Here's an alternative. It works like the trick to use -number to reverse the order of a sort, but applies to strings of letters.

The table below maps 'a' to 'z', 'b' to 'y', etc. t[0].translate(table) translates 'Ayoz' to 'Zbla', so the key for ('Ayoz', 1, 18, 7) is (1, Zbla')

table = str.maketrans('abcdefghijklmnopqrstuvwxyzABCDEFGHIJKLMNOPQRSTUVWXYZ',
                      'zyxwvutsrqponmlkjihgfedcbaZYXWVUTSRQPONMLKJIHGFEDCBA')

tlist.sort(key=lambda t: (t[1], t[0].translate(table)))

Answer 5

I just ran into this, and I was surprised to find that it's a missing piece in Python's otherwise robust sorting. You can reverse the overall sort, but you can't reverse subsorts. The other answers are usable workarounds, but they aren't general solutions if you have a list of fields you want to sort with varying subsort order, especially if multiple-pass sorting isn't an option.

This is what I ended up with:

class inverse_str(str):
    """
    A string that sorts in inverse order.
    """
    def __lt__(self, rhs):
        return not super().__lt__(rhs)

data = [('Ayoz', 1, 18, 7), ('Aidan', 2, 4, 9), ('Alan', 2, 4, 9), ('Arlan', 5, 6, 7), ('Luke', 15, 16, 2), ('Tariq', 5, 4, 2)]
data.sort(key=lambda item: (item[1], inverse_str(item[0])))
print(data)

wanted = [('Ayoz', 1, 18, 7), ('Alan', 2, 4, 9), ('Aidan', 2, 4, 9), ('Tariq', 5, 4, 2), ('Arlan', 5, 6, 7), ('Luke', 15, 16, 2)]
print(data == wanted)

That has the same effect as returning eg. 1-item[1] from the key function for a float field.

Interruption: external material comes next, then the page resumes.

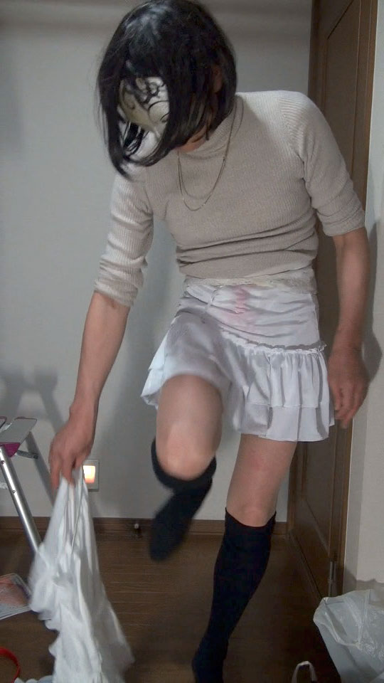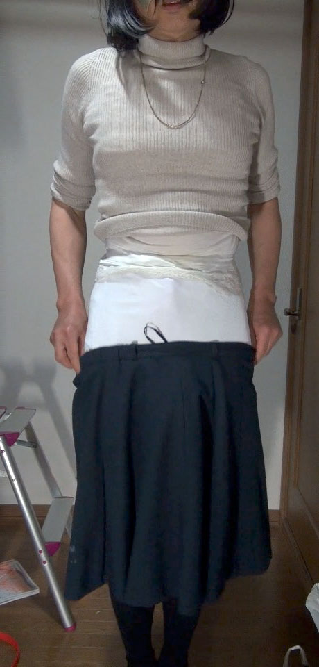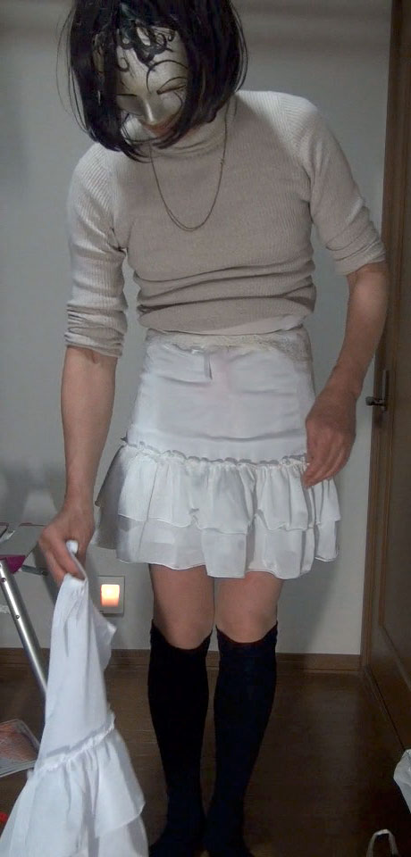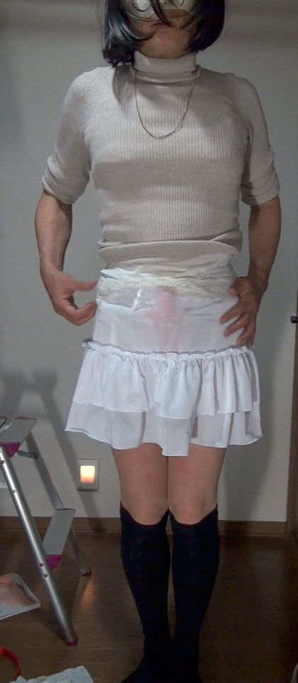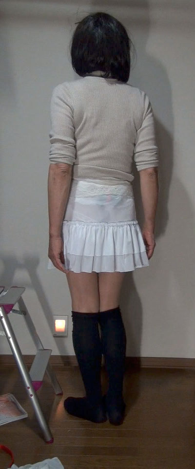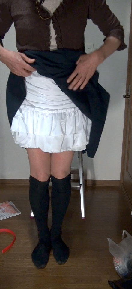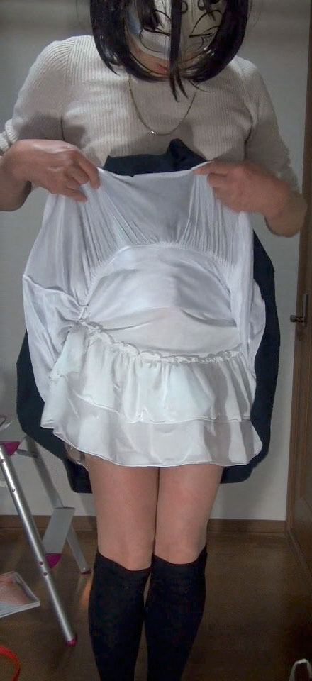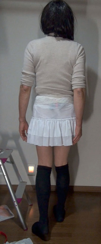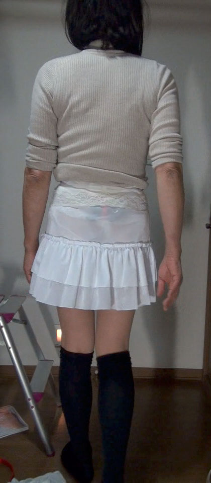 貧相なお尻!もっと豊満だったらペチコートももっと映えるのに...可愛らしいデザインね。女心をくすぐるのかしら?...いえ、女装子心?...

RootTwo's multi-stage sort answer is valid, but multiple-step sorting isn't always an option. I'm merging incremental previously-sorted streams of data using heapq.merge, so that won't work. Doing it within the comparison does this within the actual ordering, so you don't need multiple passes and it works in the general case.